Adinda, adik Adisti satu-satunya. Usia Adinda sudah enam belas tahun, tetapi pikirannya masih seperti anak berumur delapan tahun. Dia perlu perhatian khusus karena kondisinya. Di ujung jalan, Adisti masih sempat menoleh, tampak Adinda masih melambai dengan tersenyum. Dia tidak benar-benar mengerti apa yang tengah terjadi.

*****

“Om, tolong aku, aku ga tahu mau ke mana. Bayi ini anak Om. Om harus tanggung jawab,” Adisti menarik lengan pria berumur hampir empat puluh tahun itu. Wajah Adisti memelas memandang pria dengan postur tinggi dan hidung mancung di depannya.

“Lepaskan! Kamu mau membuat skandal? Siapa yang membayar kamu?” sentak pria itu, sambil sedikit mendorong Adisti agar pegangan wanita muda itu terlepas.

“Om?” Adisti terbelalak. Tak dia percaya, kata-kata itu yang dia dengar! Adisti dibayar untuk membuat skandal?

“Aku sudah punya istri dan anak. Bisa-bisanya kamu datang mengatakan hal yang tidak-tidak. Sekuriti! Bawa perempuan ini keluar!” Suara pria itu lebih keras berseru.

Dengan cepat dua orang sekuriti kantor itu mendekat. Mereka memaksa Adisti keluar. Dengan derai air mata Adisti meninggalkan tempat itu. Harapan satu-satunya adalah laki-laki yang menjalani hari-hari bersamanya. Pria itu hampir dua tahun menjalin hubungan khusus dengan Adisti.

Beberapa pegawai kantor memperhatikan kejadian itu. Tatapan mereka terperangah dan sinis kepada Adisti. Tampak mereka berbisik-bisik, entah apa yang mereka bicarakan. Yang pasti bukan hal baik, tentang gadis yang tiba-tiba datang membuat kericuhan di kantor besar dan megah di tengah kota itu.

Adisti berjalan dengan lesu dan merasa tubuhnya limbung, menjauh dari kantor. Dia duduk di pinggir jalan, di bawah pohon akasia. Di depannya, jalan raya masih cukup ramai. Kendaraan lalu lalang tanpa henti. Tidak ada yang peduli pada wanita muda yang hampir putus asa dengan hidupnya.

“Aku harus bagaimana? Aku mau ke mana?” ucap Adisti lirih sambil mengusap kedua pipinya yang basah.

Sebuah kendaraan hitam, mengkilat, menunjukkan kelasnya yang elegan, lewat di depan Adisti. Mobil Ramon. Adisti hanya memandang saja, hingga mobil itu makin jauh.

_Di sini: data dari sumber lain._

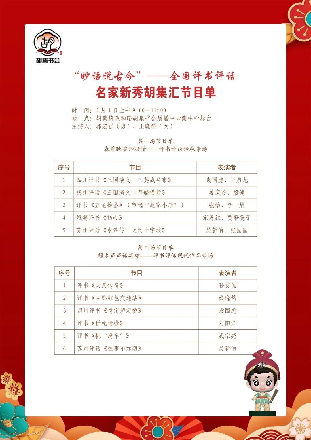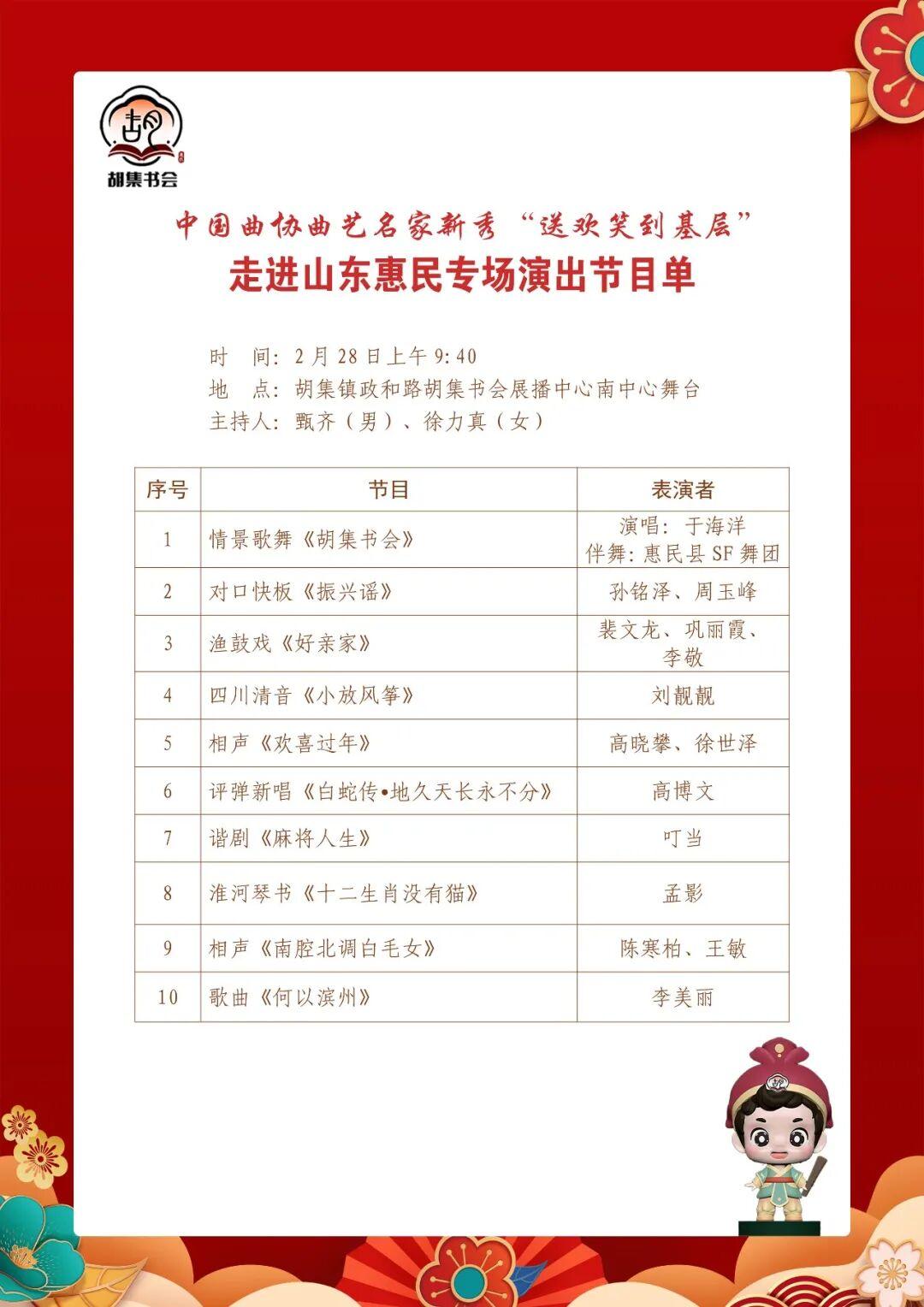 春意渐浓,曲韵飘扬。2026年胡集书会将于2月28日至3月1日在山东滨州惠民县胡集镇举办,本届书会汇聚中国曲艺家协会名家新秀,集结全国各地美丽乡村优秀节目,评书、快板、琴书等多种曲艺形式同台亮相,既有经典传承,又有时代新作,为广大曲艺爱好者献上一场浓郁新春氛围的视听文化盛宴。

Tuuttt!! Ponsel Adisti berdering. Adisti nenerima panggilan itu.

“Aku mengirim di rekeningmu sejumlah uang. Cukup besar. Ini terakhir kali aku berhubungan denganmu. Jangan pernah muncul lagi di hadapanku. Kita tidak saling kenal. Kalau kamu tidak bisa merawat bayimu, gugurkan saja.”

Klik. Panggilan terputus.

“Apa? Ini ….” Bergetar suara Adisti mengatakan itu. Adisti menundukkan kepala dalam-dalam dan menangis sejadi-jadinya.

Dia tidak peduli orang-orang yang lewat, entah yang berkendara atau berjalan kaki memperhatikannya. Hancur berkeping-keping. Semua buyar. Segala kebahagiaan yang dia miliki lenyap. Ayahnya membuang dirinya. Kekasih yang dia anggap pria hebat dan penuh cinta, melihat dia begitu hina.

Beberapa waktu Adisti masih berjuang menghentikan tangisnya. Berulang kali dia menarik nafas panjang, melonggarkan dadanya yang semakin sesak.

“Tuhan … ampuni aku … aku tahu aku sudah melakukan kesalahan besar .…” doanya di dalam hati. “Tapi … aku tidak mungkin membunuh anakku sendiri. Tidak mungkin ….”

Dengan hati hancur Adisti berdiri. Dia angkat ranselnya, juga tas kecil dia selempangkan dari bahunya.

“Aku harus apa? Harus bagaimana?” ucap Adisti di tengah tangisnya.